## Task instructions:
Using the records below, count the lines with "dans" in them. Give the number only.
════════
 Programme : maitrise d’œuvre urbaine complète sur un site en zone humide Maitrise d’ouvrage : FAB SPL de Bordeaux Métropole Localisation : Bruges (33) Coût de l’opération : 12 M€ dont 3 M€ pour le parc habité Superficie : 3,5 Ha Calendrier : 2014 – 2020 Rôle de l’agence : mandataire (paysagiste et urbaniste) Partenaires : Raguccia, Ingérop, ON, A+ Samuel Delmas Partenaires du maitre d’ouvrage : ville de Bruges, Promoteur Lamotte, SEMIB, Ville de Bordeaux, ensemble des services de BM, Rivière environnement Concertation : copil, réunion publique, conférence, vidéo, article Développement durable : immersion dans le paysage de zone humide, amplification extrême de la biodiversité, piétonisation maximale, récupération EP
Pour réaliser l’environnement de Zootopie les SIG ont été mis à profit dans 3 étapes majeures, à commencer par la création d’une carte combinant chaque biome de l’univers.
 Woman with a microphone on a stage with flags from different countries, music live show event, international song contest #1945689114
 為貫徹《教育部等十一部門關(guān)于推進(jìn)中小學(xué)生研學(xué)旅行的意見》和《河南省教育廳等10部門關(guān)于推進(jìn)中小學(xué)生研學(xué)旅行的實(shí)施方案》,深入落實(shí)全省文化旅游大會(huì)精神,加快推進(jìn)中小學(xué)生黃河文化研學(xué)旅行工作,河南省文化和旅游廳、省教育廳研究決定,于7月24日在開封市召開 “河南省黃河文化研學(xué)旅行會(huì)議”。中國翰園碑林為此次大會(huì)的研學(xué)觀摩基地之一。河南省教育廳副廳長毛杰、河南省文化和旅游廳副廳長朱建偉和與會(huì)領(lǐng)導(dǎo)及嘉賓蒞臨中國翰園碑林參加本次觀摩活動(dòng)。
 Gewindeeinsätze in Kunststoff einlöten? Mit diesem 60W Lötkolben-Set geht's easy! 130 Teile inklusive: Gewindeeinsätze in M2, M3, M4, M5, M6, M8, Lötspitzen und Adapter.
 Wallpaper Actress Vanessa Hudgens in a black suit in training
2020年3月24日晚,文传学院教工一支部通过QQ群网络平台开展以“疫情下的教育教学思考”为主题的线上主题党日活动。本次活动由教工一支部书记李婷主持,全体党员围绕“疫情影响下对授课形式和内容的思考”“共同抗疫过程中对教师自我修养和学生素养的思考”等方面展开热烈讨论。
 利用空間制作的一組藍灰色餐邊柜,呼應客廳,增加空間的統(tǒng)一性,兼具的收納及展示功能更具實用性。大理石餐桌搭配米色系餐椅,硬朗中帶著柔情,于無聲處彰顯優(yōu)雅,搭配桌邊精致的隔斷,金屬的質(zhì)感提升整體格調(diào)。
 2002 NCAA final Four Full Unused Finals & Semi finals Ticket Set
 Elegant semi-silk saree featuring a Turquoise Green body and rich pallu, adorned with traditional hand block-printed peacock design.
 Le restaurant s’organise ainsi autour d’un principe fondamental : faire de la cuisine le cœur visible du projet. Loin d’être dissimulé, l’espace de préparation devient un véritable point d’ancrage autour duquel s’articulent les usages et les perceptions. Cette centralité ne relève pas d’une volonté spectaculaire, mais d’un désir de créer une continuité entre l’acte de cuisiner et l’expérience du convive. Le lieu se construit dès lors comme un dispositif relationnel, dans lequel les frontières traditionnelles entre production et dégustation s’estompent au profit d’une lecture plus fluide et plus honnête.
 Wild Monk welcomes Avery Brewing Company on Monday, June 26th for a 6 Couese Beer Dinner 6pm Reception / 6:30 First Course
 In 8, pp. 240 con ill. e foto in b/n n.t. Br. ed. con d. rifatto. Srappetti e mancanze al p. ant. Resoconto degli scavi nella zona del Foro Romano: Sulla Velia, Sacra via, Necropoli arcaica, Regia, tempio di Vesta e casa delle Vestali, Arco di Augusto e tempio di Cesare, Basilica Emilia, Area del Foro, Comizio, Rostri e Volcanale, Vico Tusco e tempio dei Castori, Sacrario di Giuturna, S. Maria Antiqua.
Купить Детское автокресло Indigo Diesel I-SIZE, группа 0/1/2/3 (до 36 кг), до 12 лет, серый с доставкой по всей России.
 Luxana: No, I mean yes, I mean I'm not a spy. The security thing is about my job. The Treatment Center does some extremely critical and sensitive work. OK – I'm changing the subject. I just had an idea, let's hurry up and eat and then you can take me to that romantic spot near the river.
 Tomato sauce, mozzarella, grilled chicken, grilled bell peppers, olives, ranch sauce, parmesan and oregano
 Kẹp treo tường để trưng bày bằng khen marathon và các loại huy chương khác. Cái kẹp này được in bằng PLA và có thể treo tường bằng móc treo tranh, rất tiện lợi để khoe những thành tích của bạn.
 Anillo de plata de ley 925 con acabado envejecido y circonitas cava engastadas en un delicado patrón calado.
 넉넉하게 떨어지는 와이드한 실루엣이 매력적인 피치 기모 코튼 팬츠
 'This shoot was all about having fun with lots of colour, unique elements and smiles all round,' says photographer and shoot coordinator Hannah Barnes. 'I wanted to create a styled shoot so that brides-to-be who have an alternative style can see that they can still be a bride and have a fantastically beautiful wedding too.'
════════
## Exercise response:
3